A faithful copy of all the data is the goal; omit the pictures.

§ Data extract:

────────────────────

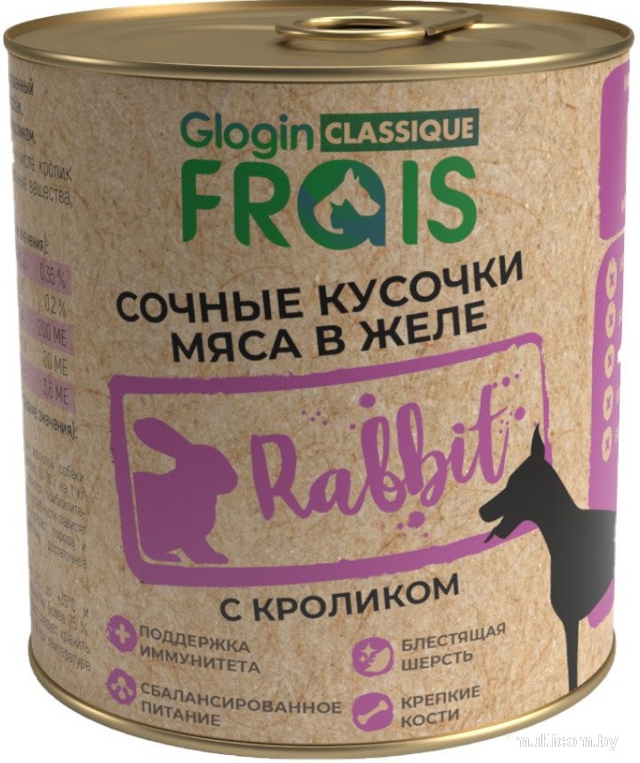 | Информация | - Полнорационный влажный корм премиум класса для собак с нормальной физической активностью. - Качественные ингредиенты насыщают организм и способствуют правильному развитию домашних животных. - Состав обогащен витаминно–минеральным комплексом. - Содержит 80% мясных продуктов, 100% натуральные ингредиенты, без сои, искусственных ароматизаторов и консервантов, без красителей и усилителей вкуса. - Состав: мясо и субпродукты 80% (в том числе кролик минимум 4%), злаки, витамины, минеральные вещества, натуральные желирующие агенты. - Аналитический состав: белок 8.5%, жир 5%, зола 2%, влажность 82%, фосфор 0.2%, кальций 0.35%, клетчатка 0.3%. - Добавки: витамин А 200 МЕ, витамин Д3 20МЕ, витамин Е 3.6 мг. - Условия хранения: при температуре от 0°С до 35°С и относительной влажности воздуха не более 75%. После вскрытия упаковки продукт следует хранить в холодильнике не более 24 часов при температуре от 2°С до 6°С. |
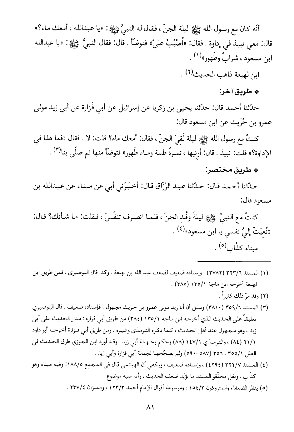 أنّه كان مع رسول اللَّه -صلى اللَّه عليه وسلم- ليلة الجنّ، فقال له النبيُّ -صلى اللَّه عليه وسلم-: "يا عبد اللَّه، أمعك ماء؟ " قال: معي نبيذ في إداوة. فقال: "اصْبُبْ عليَّ" فتوضّأ. قال: فقال النبيُّ -صلى اللَّه عليه وسلم-: "يا عبد اللَّه ابن مسعود، شرابٌ وطَهور" (١).
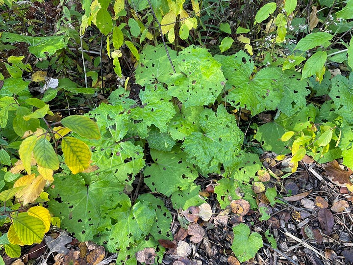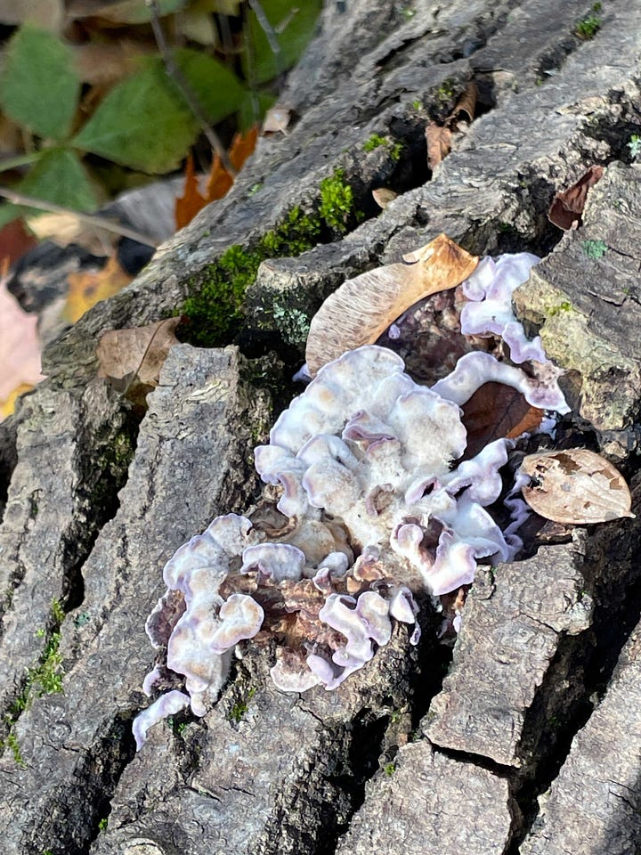 But low and close gives me something new: a purple fungus. I’m guessing it’s Chondrostereum purpureum, silver leaf fungus, but I can’t be sure. Along the same path where I find the fungus, there are patches of bright green vegetation, a low, lobed-leaved plant still untouched by frost or cold, its chlorophyll production increased to take advantage of the light now reaching the forest floor. Energy production goes on until the last possible minute, because this is Tussilago farfara, coltsfoot, the earliest of spring flowers. In early April, bright yellow flowers will line this path. It’s not native to North America, brought by early European settlers probably for its medicinal properties. Something likes it, though: the leaves are well chewed.
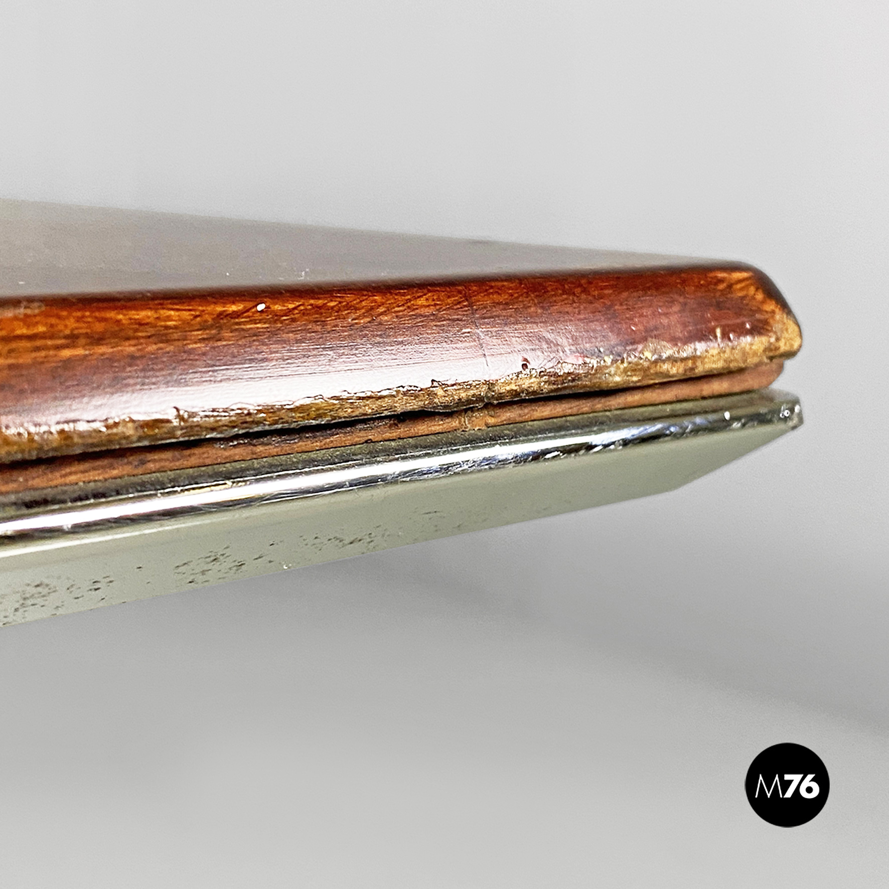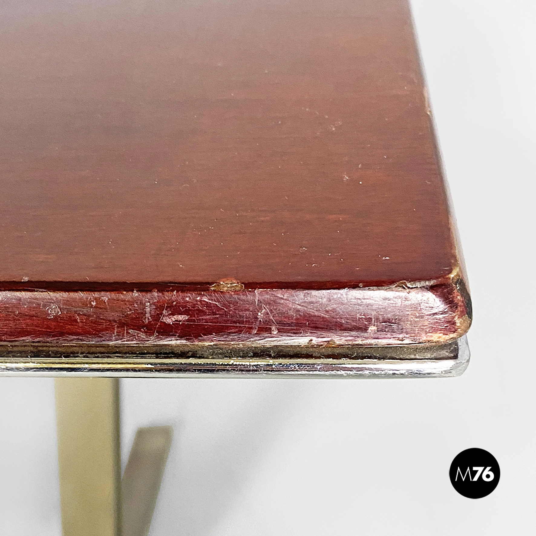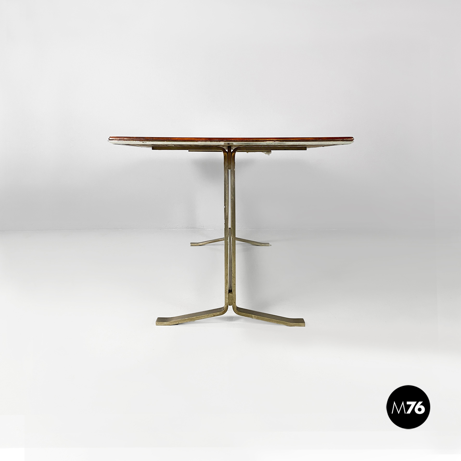 Tavolo o scrivania con piano in legno di palissandro con finitura in acciaio sul bordo e struttura in acciaio pieno con finitura satinata.

────────────────────

§ Answer to the exercise:
 | Информация | - Полнорационный влажный корм премиум класса для собак с нормальной физической активностью. - Качественные ингредиенты насыщают организм и способствуют правильному развитию домашних животных. - Состав обогащен витаминно–минеральным комплексом. - Содержит 80% мясных продуктов, 100% натуральные ингредиенты, без сои, искусственных ароматизаторов и консервантов, без красителей и усилителей вкуса. - Состав: мясо и субпродукты 80% (в том числе кролик минимум 4%), злаки, витамины, минеральные вещества, натуральные желирующие агенты. - Аналитический состав: белок 8.5%, жир 5%, зола 2%, влажность 82%, фосфор 0.2%, кальций 0.35%, клетчатка 0.3%. - Добавки: витамин А 200 МЕ, витамин Д3 20МЕ, витамин Е 3.6 мг. - Условия хранения: при температуре от 0°С до 35°С и относительной влажности воздуха не более 75%. После вскрытия упаковки продукт следует хранить в холодильнике не более 24 часов при температуре от 2°С до 6°С. |
 أنّه كان مع رسول اللَّه -صلى اللَّه عليه وسلم- ليلة الجنّ، فقال له النبيُّ -صلى اللَّه عليه وسلم-: "يا عبد اللَّه، أمعك ماء؟ " قال: معي نبيذ في إداوة. فقال: "اصْبُبْ عليَّ" فتوضّأ. قال: فقال النبيُّ -صلى اللَّه عليه وسلم-: "يا عبد اللَّه ابن مسعود، شرابٌ وطَهور" (١).
 But low and close gives me something new: a purple fungus. I’m guessing it’s Chondrostereum purpureum, silver leaf fungus, but I can’t be sure. Along the same path where I find the fungus, there are patches of bright green vegetation, a low, lobed-leaved plant still untouched by frost or cold, its chlorophyll production increased to take advantage of the light now reaching the forest floor. Energy production goes on until the last possible minute, because this is Tussilago farfara, coltsfoot, the earliest of spring flowers. In early April, bright yellow flowers will line this path. It’s not native to North America, brought by early European settlers probably for its medicinal properties. Something likes it, though: the leaves are well chewed.
 Tavolo o scrivania con piano in legno di palissandro con finitura in acciaio sul bordo e struttura in acciaio pieno con finitura satinata.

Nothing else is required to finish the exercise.